Give back exactly the stretch of data below from the line holding "这样的造型刘雯凭着自己的气质" through the line holding "重庆市大渡口区公路事务中心2024年单位预算情况说明", both ends included, and leave the remaining lines out.
** INPUT FOR THIS TASK follows **
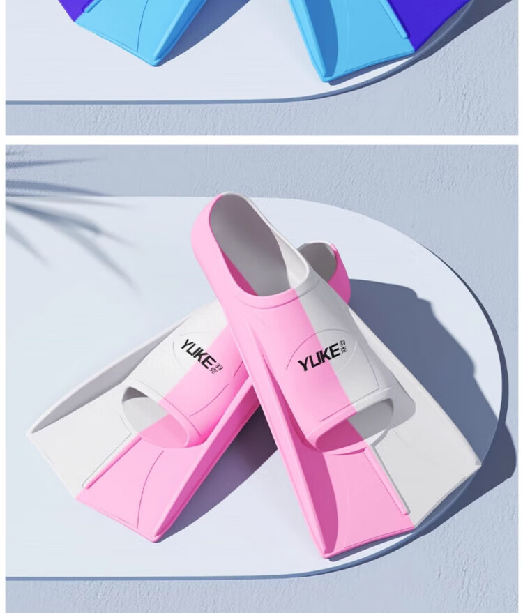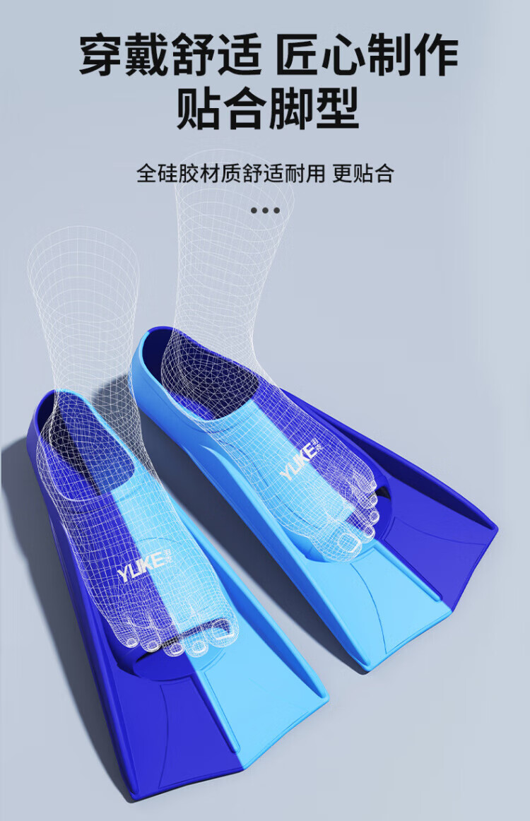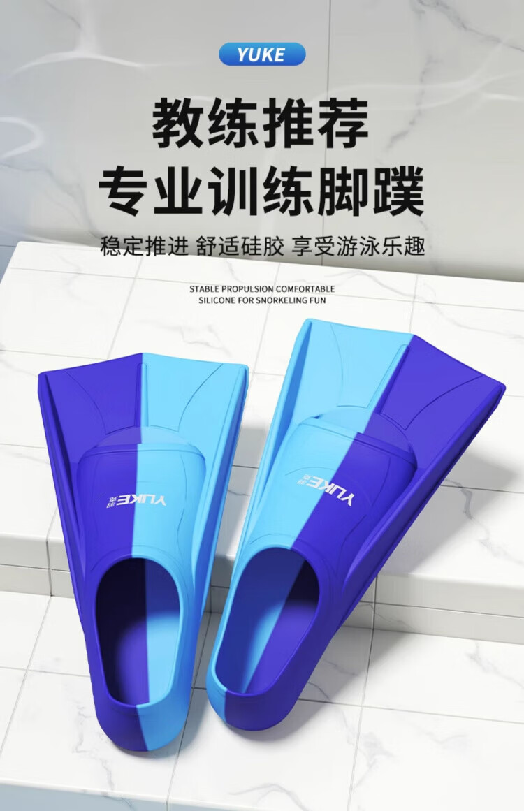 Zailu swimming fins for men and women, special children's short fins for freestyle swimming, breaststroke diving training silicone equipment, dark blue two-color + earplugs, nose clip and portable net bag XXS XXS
** End of INPUT FOR THIS TASK **
** INPUT FOR THIS TASK follows **
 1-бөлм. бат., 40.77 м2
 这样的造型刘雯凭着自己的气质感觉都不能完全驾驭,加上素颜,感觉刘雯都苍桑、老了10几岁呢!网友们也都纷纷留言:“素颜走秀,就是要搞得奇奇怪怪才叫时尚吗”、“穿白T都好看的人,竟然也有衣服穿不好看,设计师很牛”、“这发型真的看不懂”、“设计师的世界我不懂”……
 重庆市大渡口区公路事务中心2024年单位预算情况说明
** End of INPUT FOR THIS TASK **
** INPUT FOR THIS TASK follows **
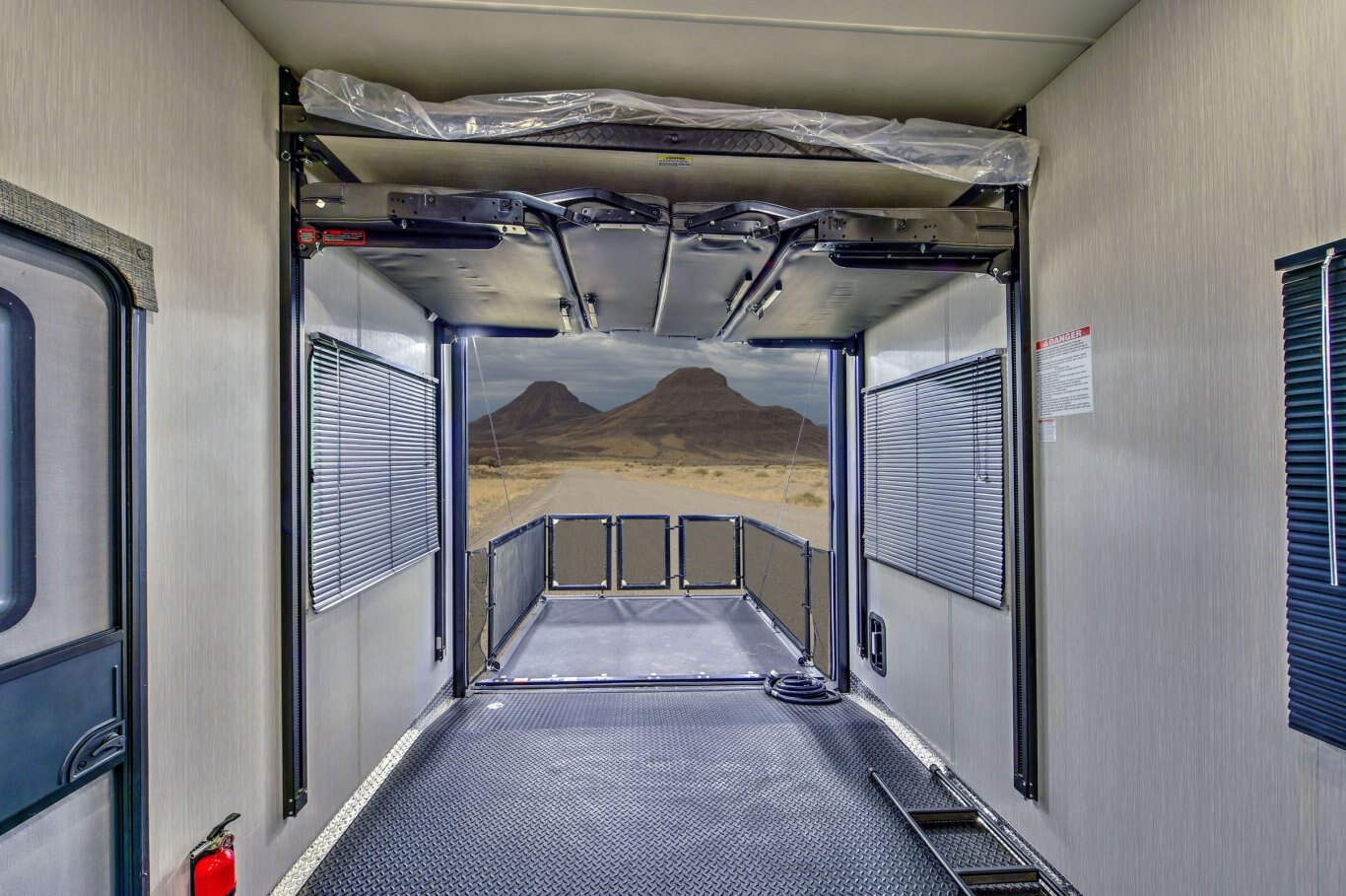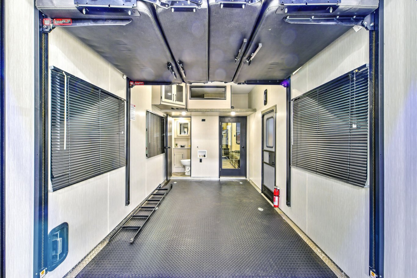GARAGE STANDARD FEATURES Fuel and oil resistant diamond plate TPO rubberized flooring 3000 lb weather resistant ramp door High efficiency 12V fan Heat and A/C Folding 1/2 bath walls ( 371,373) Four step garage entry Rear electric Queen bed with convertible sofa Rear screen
** End of INPUT FOR THIS TASK **
**RESPONSE TO THE EXERCISE**
 这样的造型刘雯凭着自己的气质感觉都不能完全驾驭,加上素颜,感觉刘雯都苍桑、老了10几岁呢!网友们也都纷纷留言:“素颜走秀,就是要搞得奇奇怪怪才叫时尚吗”、“穿白T都好看的人,竟然也有衣服穿不好看,设计师很牛”、“这发型真的看不懂”、“设计师的世界我不懂”……
 重庆市大渡口区公路事务中心2024年单位预算情况说明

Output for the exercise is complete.